═════ Study material ═════

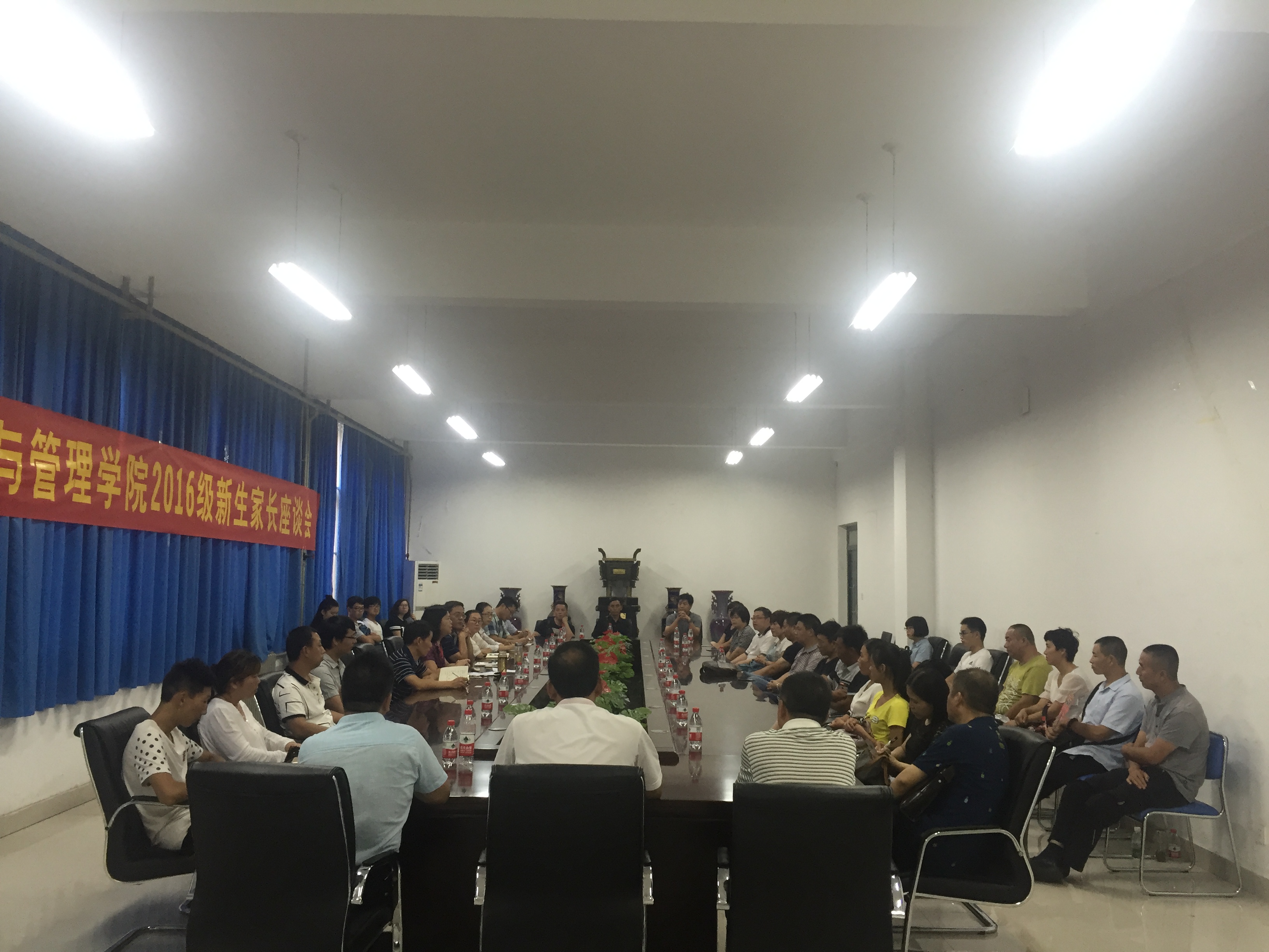 为加强与新生家长的沟通,促进学院与家长、学生之间的情感交流,帮助学生树立正确的人生观、价值观,9月7日下午3:00,经济与管理学院在经管楼116召开了2016级新生家长座谈会。经济与管理学院党总支书记邢晟、院长刘珂、党总支副书记陈章美、分团委书记姚少华、新生辅导员陈昱、刘海廷、陈思萌参加了此次座谈会。座谈会由党总支副书记陈章美主持。
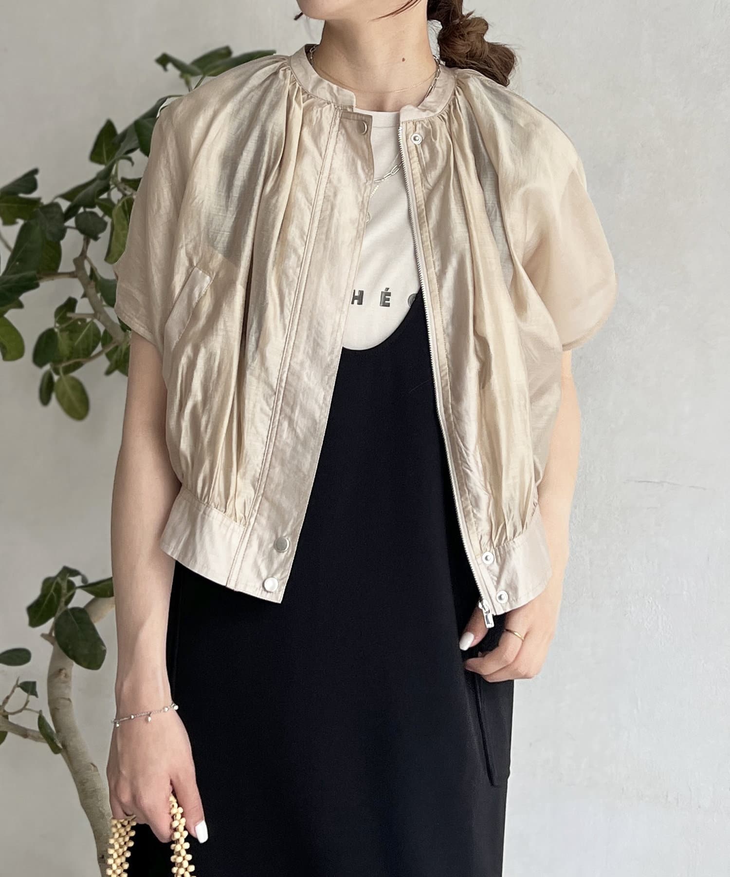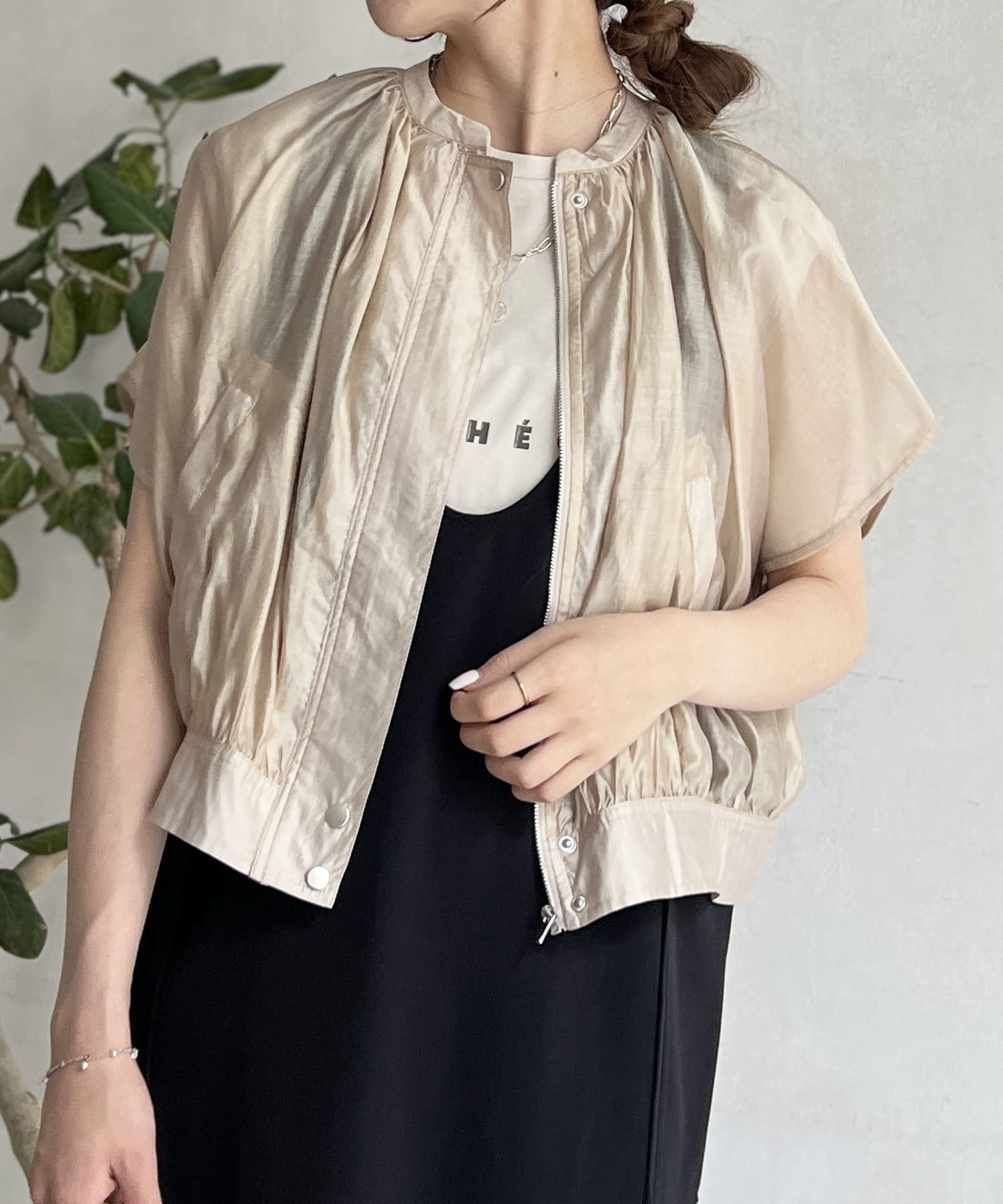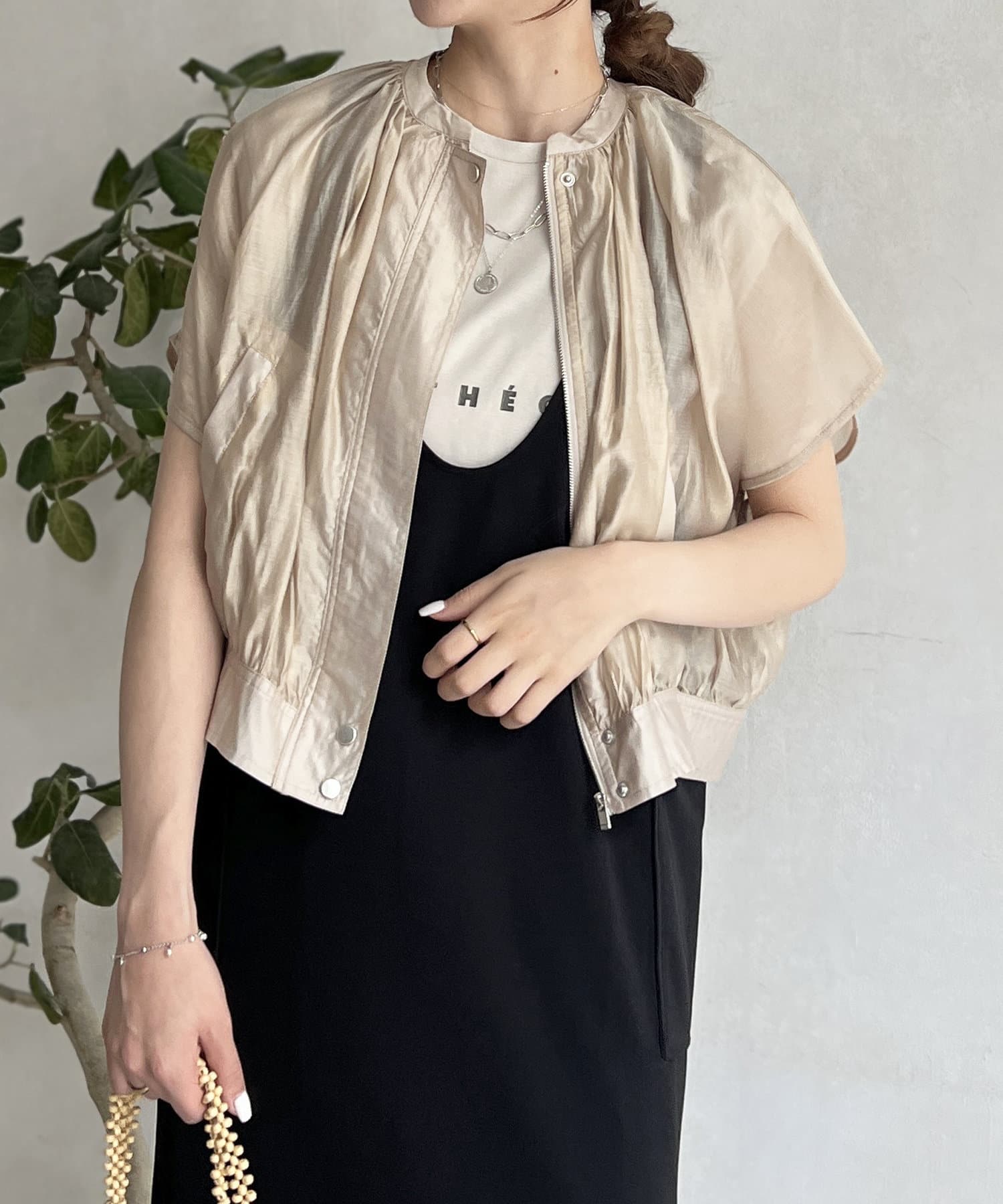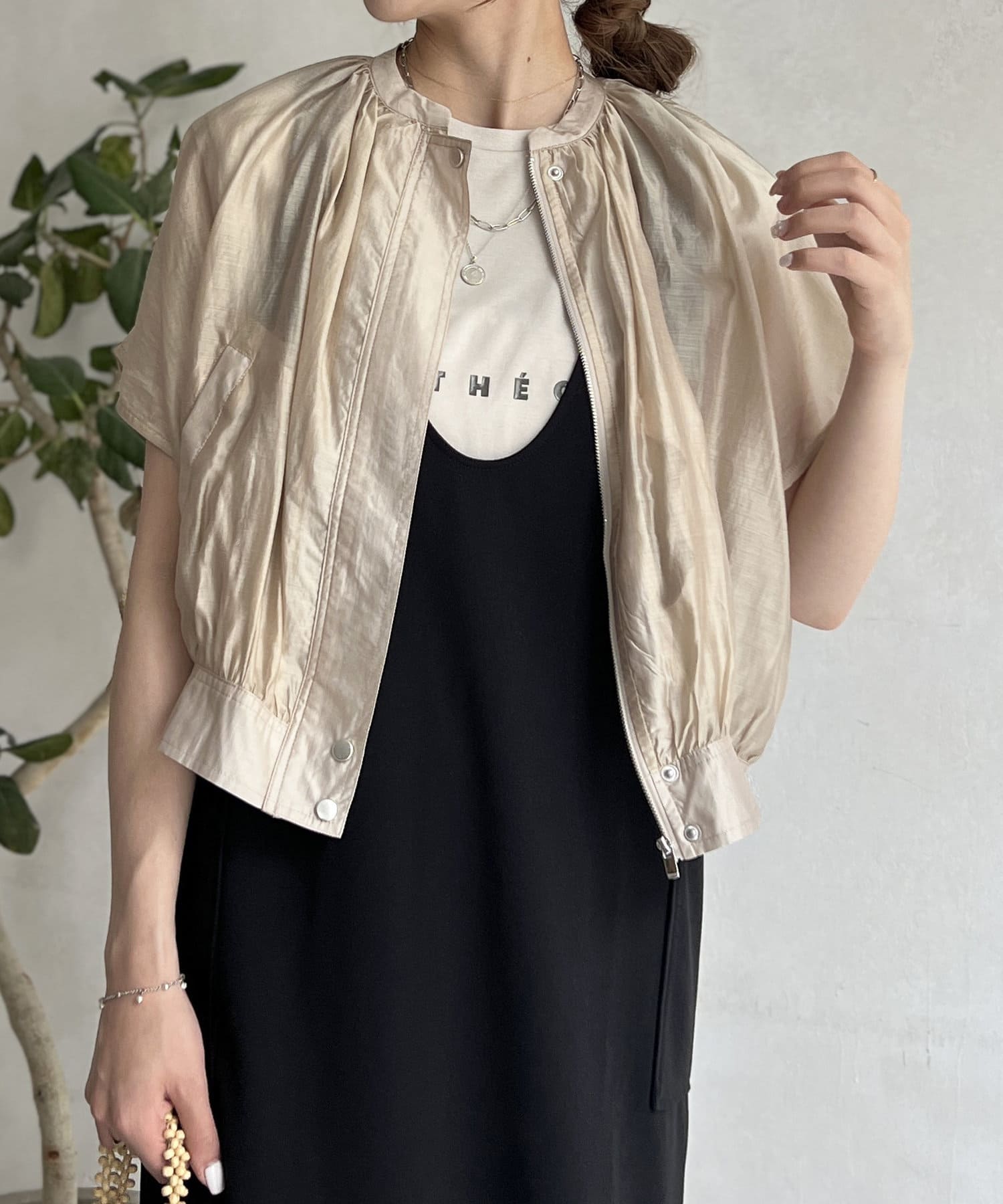 光沢感のあるシアー素材を使ったフレンチスリーブブルゾン
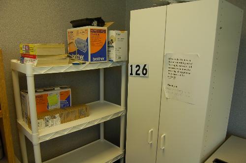 LOCKER CABINET, PLASTIC SHELF AND CONTENTS
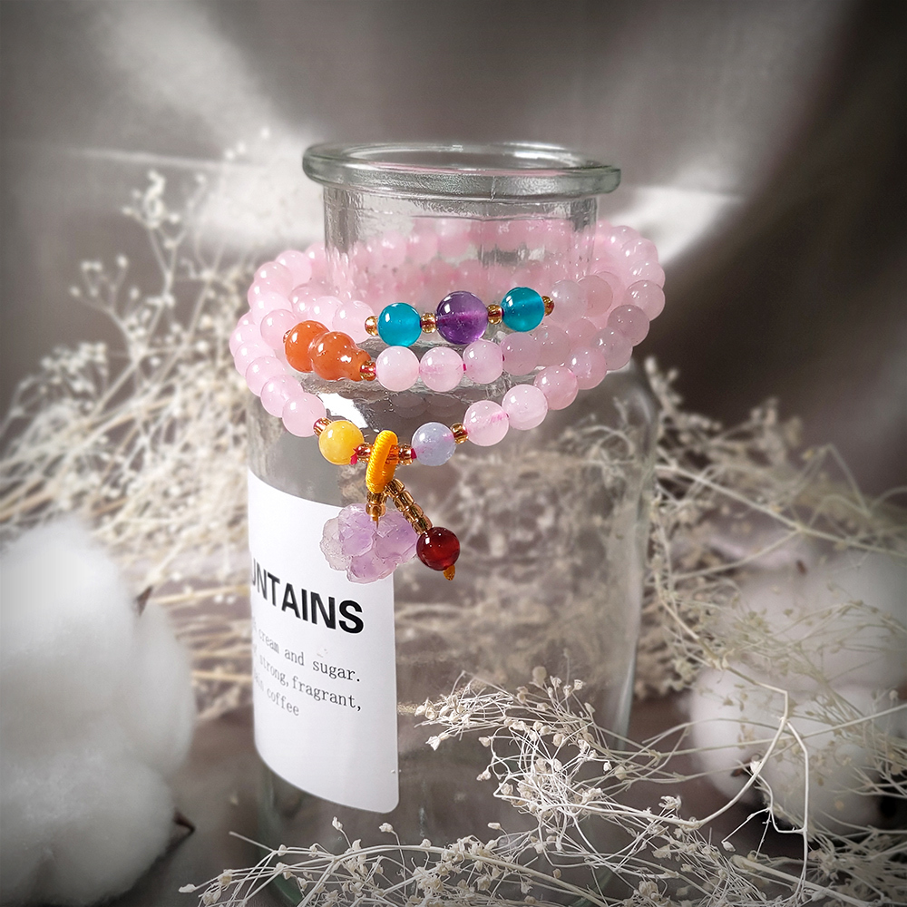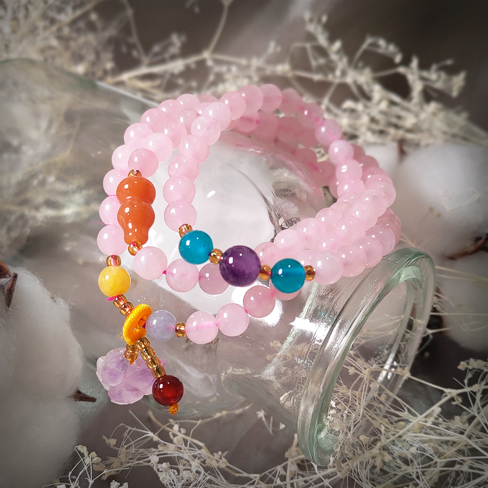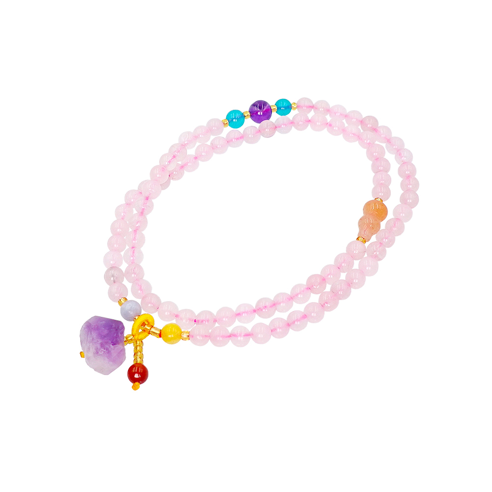 材質:粉晶珠6±1mm*78顆,紫水晶珠8±1mm*1顆,瑪瑙珠6±1mm*5顆,天然紫水晶原礦*1顆,石髓葫蘆14*8±1mm*1顆
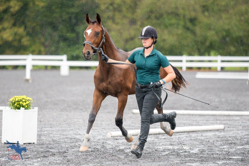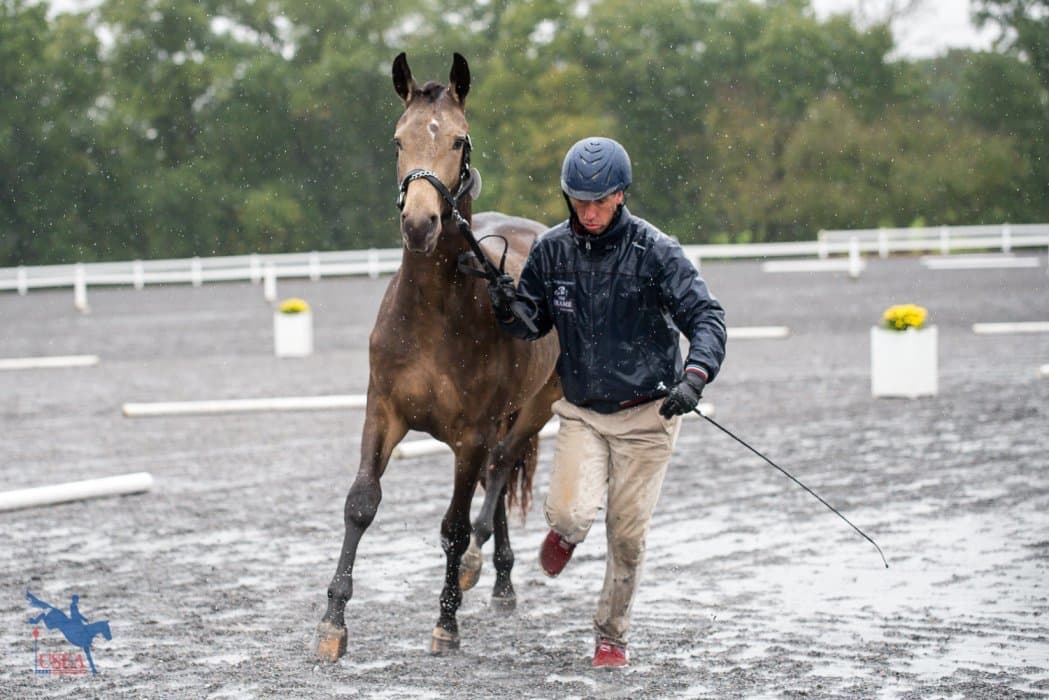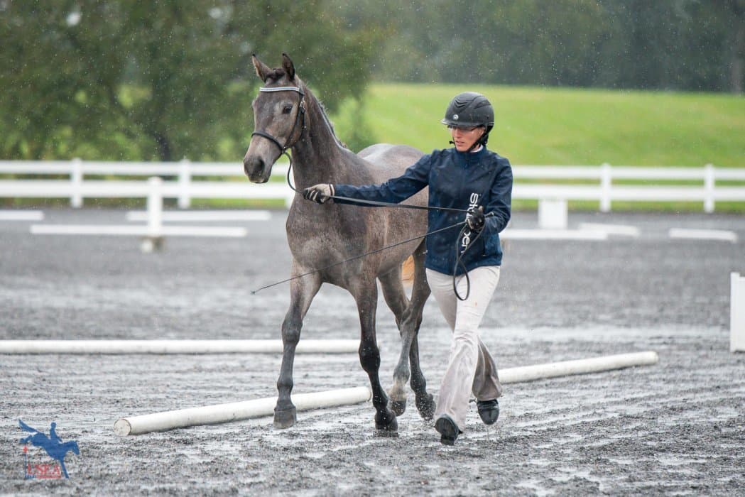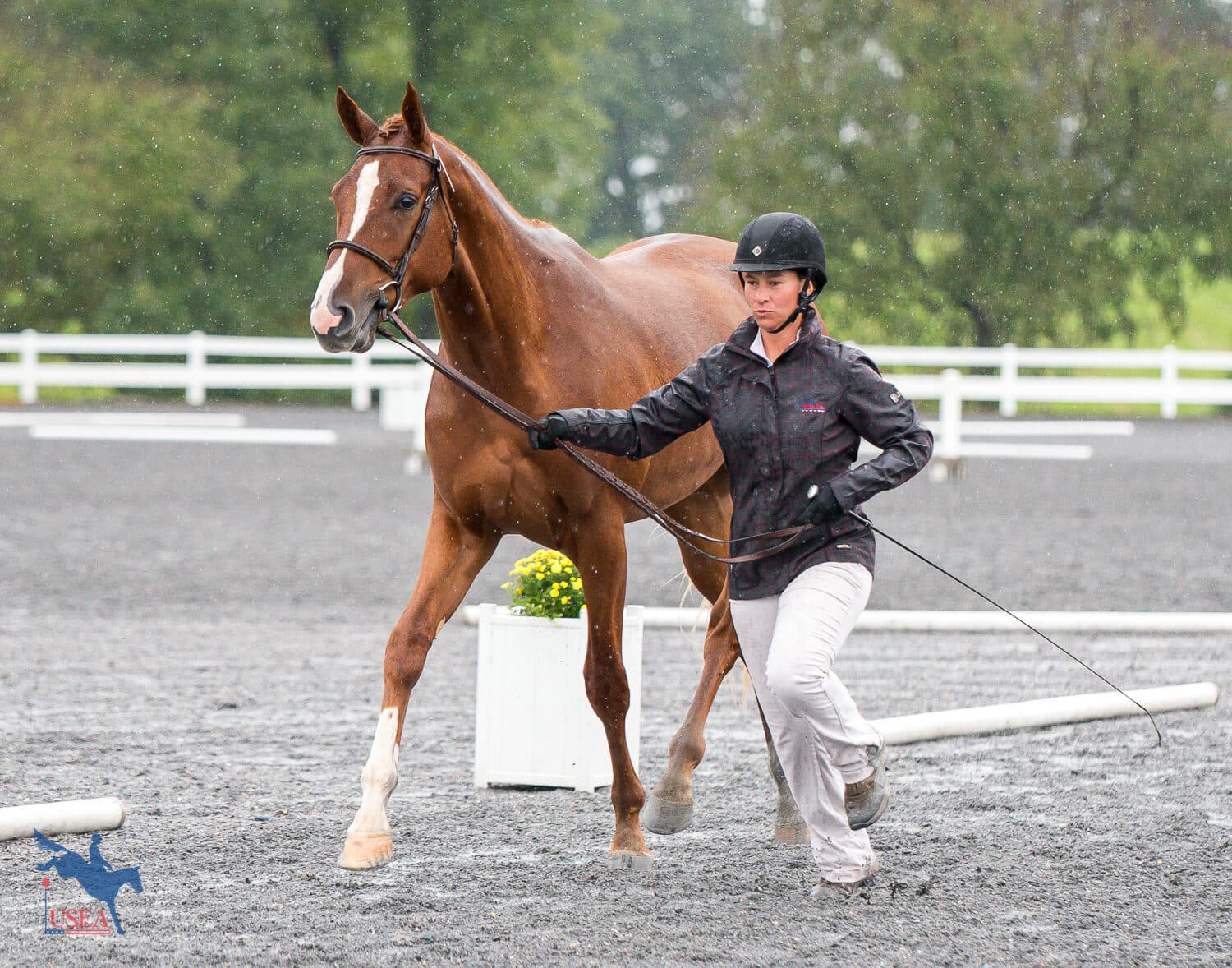 The rainfall at Loch Moy Farm in Adamstown, Md. couldn’t dampen the spirits of the 14 2-year-olds, 12 yearlings, and their handlers who came to compete at the second and final day of the USEA Future Event Horse (FEH) East Coast Championships. Judges Robin Walker and Peter Gray judged a total of 50 young horses aging from yearlings to 4-year-olds over the course of the two-day competition.

═════

• [Instructions for the task]: Word for word, restate all of the data, but do not copy the pictures.

• [Task output]:
 为加强与新生家长的沟通,促进学院与家长、学生之间的情感交流,帮助学生树立正确的人生观、价值观,9月7日下午3:00,经济与管理学院在经管楼116召开了2016级新生家长座谈会。经济与管理学院党总支书记邢晟、院长刘珂、党总支副书记陈章美、分团委书记姚少华、新生辅导员陈昱、刘海廷、陈思萌参加了此次座谈会。座谈会由党总支副书记陈章美主持。
 光沢感のあるシアー素材を使ったフレンチスリーブブルゾン
 LOCKER CABINET, PLASTIC SHELF AND CONTENTS
 材質:粉晶珠6±1mm*78顆,紫水晶珠8±1mm*1顆,瑪瑙珠6±1mm*5顆,天然紫水晶原礦*1顆,石髓葫蘆14*8±1mm*1顆
 The rainfall at Loch Moy Farm in Adamstown, Md. couldn’t dampen the spirits of the 14 2-year-olds, 12 yearlings, and their handlers who came to compete at the second and final day of the USEA Future Event Horse (FEH) East Coast Championships. Judges Robin Walker and Peter Gray judged a total of 50 young horses aging from yearlings to 4-year-olds over the course of the two-day competition.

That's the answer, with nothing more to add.